Tout le peuple de Paris entra en transes.

– La reine est accouchée ! La reine est accouchée !

Haletante, la foule comptait :

– 20, 21, 22...

Au vingt-troisième coup, les gens commencèrent à s'empoigner. Certains disaient que c'était le vingt-cinquième, d'autres que c'était le vingt-deuxième. Les optimistes étaient en avance, les pessimistes en retard. Et les sonneries, les carillons, les coups de canon continuaient de pleuvoir sur Paris en délire. Plus de doute : un GARÇON !

– Un dauphin ! Un dauphin ! Vive le dauphin ! Vive la reine ! Vive le roi !

On s'embrassait. Le Pont-Neuf éclata en chansons. Des farandoles se formèrent. Les boutiques et les ateliers mirent leurs volets. Les fontaines vomirent des flots de vin. À de grandes tables, dressées dans les rues par les valets du roi, on se régala de pâtés et de confitures. Le soir, il y eut un grand feu d'artifice.

Lorsque la reine fut revenue de Fontainebleau et réinstallée au Louvre avec le royal poupon, les corporations de la ville se préparèrent à lui porter leurs compliments. La mère Marjolaine dit à Angélique qu'elle avait prise en affection :

– Tu viendras. Ce n'est pas très normal, mais je te désignerai comme apprentie pour porter mes paniers de fleurs. Ça te plaira, hein, de voir la demeure des rois, ce beau palais du Louvre ? Il paraît que les chambres y sont plus larges et hautes que des églises !

Angélique n'osa pas refuser. L'honneur que lui faisait la bonne femme était grand. Aussi bien, sans se l'avouer, elle était anxieuse de se retrouver dans ces lieux témoins, pour elle, de tant d'événements et de drames. Apercevrait-elle la Grande Mademoiselle, les yeux gonflés de larmes émues ; l'insolente comtesse de Soissons ; le pétillant Lauzun ; le ténébreux de Guiche ; de Vardes ?... Qui, parmi ces grandes dames et grands seigneurs, s'aviserait de reconnaître, au milieu des marchandes, la femme qui, naguère, dans ses robes de cour, les yeux ardents, suivie de son Maure impassible, parcourait les couloirs du Louvre, allait de l'un à l'autre, inquiète puis suppliante, réclamant l'impossible grâce d'un époux condamné d'avance ?...

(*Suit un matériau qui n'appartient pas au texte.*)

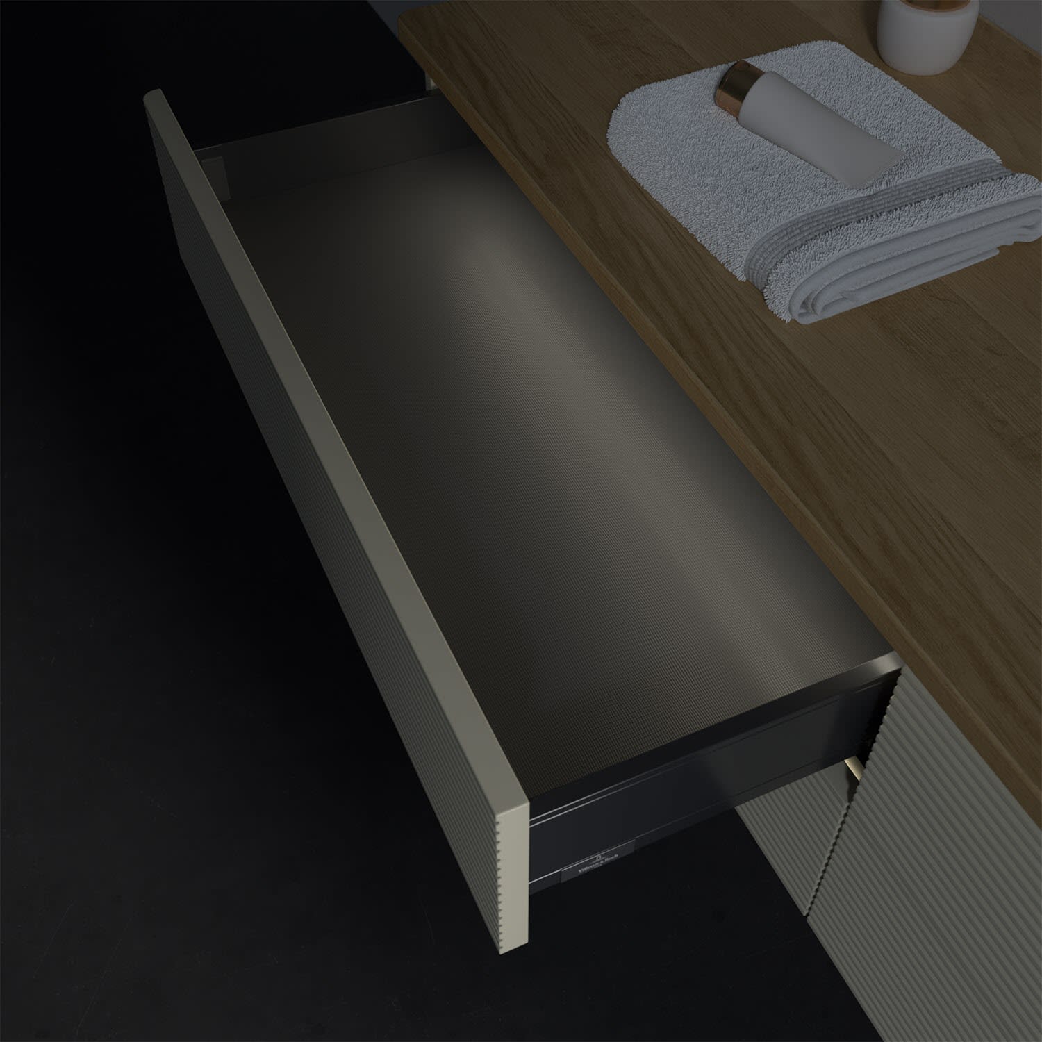 - kein Umfallen oder Verrutschen von Pflegeprodukten in den Schubladen dank rutschhemmendem Boden

Le jour dit, elle se retrouva dans la cour du palais où les bouquetières, les orangères du Pont-Neuf et les harengères des Halles mêlaient leurs voix sonores et leurs jupons empesés. Leurs marchandises, pareillement belles, mais d'odeurs inégales, les accompagnaient. Corbeilles de fleurs, paniers de fruits et caques de harengs allaient être déposés côte à côte devant monseigneur le dauphin, qui devait toucher pareillement, de sa menotte, les douces roses, les éclatantes oranges et de beaux poissons d'argent. Tandis que ces dames, en groupe bruyant et odoriférant, montaient l'escalier conduisant aux appartements royaux, elles croisèrent le nonce apostolique qui venait remettre la layette de l'héritier présomptif du trône de France, offerte traditionnellement par le pape « pour témoignage qu'il le reconnaissait comme fils aîné de l'Église ». Dans l'antichambre, où on les fit attendre, les bonnes femmes s'extasièrent sur les merveilles extraites des trois caisses de velours rouge à ferrures d'argent. On les fit passer ensuite dans la chambre de la reine. Les dames des corporations marchandes s'agenouillèrent et débitèrent leurs harangues. Agenouillée comme elles sur les tapis aux couleurs vives, Angélique voyait, dans la pénombre du lit chamarré de dorures, la reine étendue dans une robe somptueuse. Elle avait toujours cette expression un peu figée qu'elle présentait déjà à Saint-Jean-de-Luz, au sortir de ses noirs palais madrilènes. Mais la mode et les coiffures françaises lui seyaient moins bien que ses fantastiques atours d'infante et ses cheveux gonflés de postiches qui encadraient jadis, par larges lignes hiératiques, son visage et sa silhouette de jeune idole promise au Roi-Soleil. Mère comblée, amoureuse rassurée par les attentions du roi, la reine Marie-Thérèse daigna sourire au groupe bariolé, truculent, qui succédait à son chevet à la compagnie pleine d'onction de l'ambassade apostolique. Le roi était à ses côtés. Il souriait.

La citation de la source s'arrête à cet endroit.